SkaldMaps supports ZIP codes, tracts, and counties, but ZIP codes are our default presentation layer.
ZIP codes are where a lot of real estate decisions actually happen. They're the level at which homes are listed, schools are assigned, and local amenities cluster.
If you’re a GIS geek, you probably know some of their limitations: ZIP codes can cross county and municipal boundaries, change over time, and were originally designed for mail delivery rather than statistical analysis - so we're actually using ZIP Code Tabulation Areas (ZCTAs).
Still, they divide most populated parts of the United States into highly detailed yet manageable geographic units - small enough to capture meaningful local variation, but large enough to keep data practical and actionable for many real-world use cases. County-level analysis, by comparison, is often too coarse and inconsistent, especially between dense urban regions and large rural counties.
They are also pragmatically consistent nationwide: whether a state uses counties, parishes, boroughs, or other local divisions, the USPS framework provides a common geographic reference familiar to consumers and businesses alike.
It also allows us to do advanced geospatial calculations, like calculating access to amenities and commute patterns based on actual road networks, at a practical nationwide scale.
That said, ZIPs are not the only useful geography. SkaldMaps now supports county views where supported and census tract workflows on Expert.

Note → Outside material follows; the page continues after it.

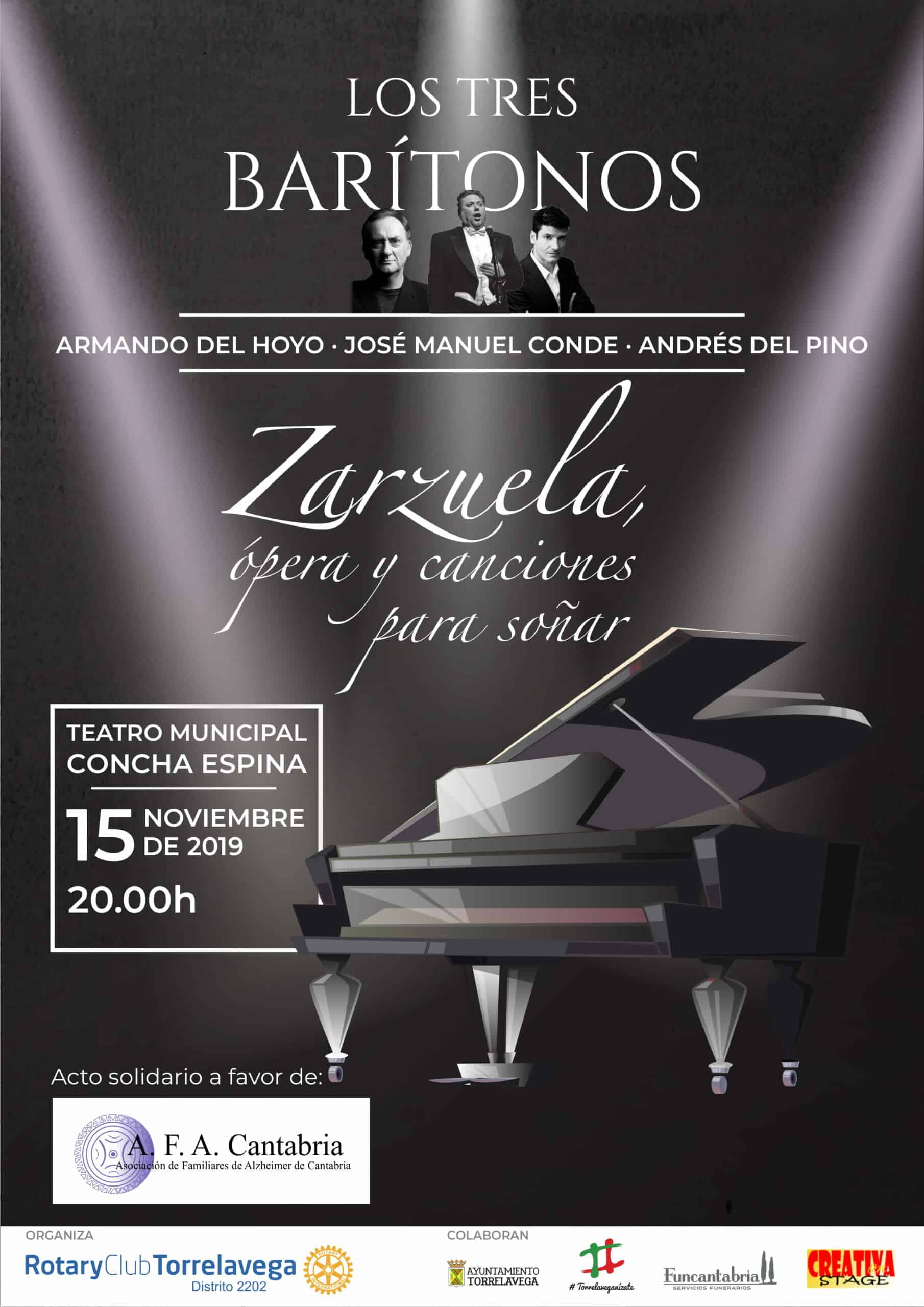 El próximo viernes 15 de noviembre a las 20:00 horas, en el teatro municipal Concha Espina de Torrelavega, los Tres Barítonos, Armando del Hoyo-Jose Manuel Conde-Andrés del Pino, ofrecerán un concierto titulado “Zarzuela, ópera y canciones para soñar”. Se trata de un acto solidario a favor de la Asociación de Familiares del Alzheimer de Cantabria. Organizado por Rotary Club Torrelavega-Distrito 2202- y con la colaboración del Ayuntamiento de Torrelavega, Torrelaveganizate, Funcantabria y Creativa Stage.

How do you compare to Regrid, LightBox, etc?
We do not offer parcel data - our focus is on area-level data and tools across ZIPs, counties, and tracts. This allows us to provide a more affordable and user-friendly product for home buyers, investors, and realtors who want to explore and understand markets before considering individual parcel research.
In other words, if you want to filter an entire state by price, schools, commute (or whatever you care about!) to find promising ZIP codes for a home search or investment thesis, SkaldMaps is built for that.
We wanted to build a tool that's useful for a homebuyer moving for work, somebody looking for an investment property, or a realtor or investor helping clients - not just for giant corporations investing millions in commercial real estate.
Nothing wrong with that: We think SkaldMaps still offers some great tools for those folks. However, if you need property lines, the good people over at those companies do great work and offer powerful tools for users who need parcel-level data and analysis.
We see SkaldMaps as complementary to those offerings - a more accessible entry point for many users, and a way to explore and understand county, ZIP, or even census tract level patterns that can inform more detailed analysis down the line.
Who is behind SkaldMaps?
SkaldMaps LLC is a small business from Georgia. Our background is in Data Engineering and Data Science, and we're passionate about making data more accessible and actionable for everyone.
Our starter plan is well within reach for regular home owners, no MLS access required.
SkaldMaps was born out of a prototype we've built for ourselves - and wound up purchasing a property based on the data it uncovered.
SkaldMaps is the grown up version of that idea - with lots more RAM needed to build our models.
If you want to talk to a human, send us a note and we'll get back to you.
What is a Skald, anyways?
Skáld is Old Norse for "poet". Skaldic verses are one of our main sources of knowledge about what we commonly refer to as "Vikings".
While "Viking" was actually a job, not a people, the Norse theme is a nod to the Norse voyages to Vinland - one of the earliest known European explorations of North America. We like the idea of a name that evokes exploration, discovery, and making sense of new lands.
It was also likely Skalds who wrote the original sagas - their names, however, are sadly lost to history.
Our logo is inspired by the Jēran rune, which broadly stands for harvest, cycles, and the fruits of labor. We liked the idea of a symbol that represents the payoff of doing the work to understand the data and make informed decisions.
As you may guess, we spend too much time on this, but I hope it gives you an idea of the spirit we want to bring to SkaldMaps.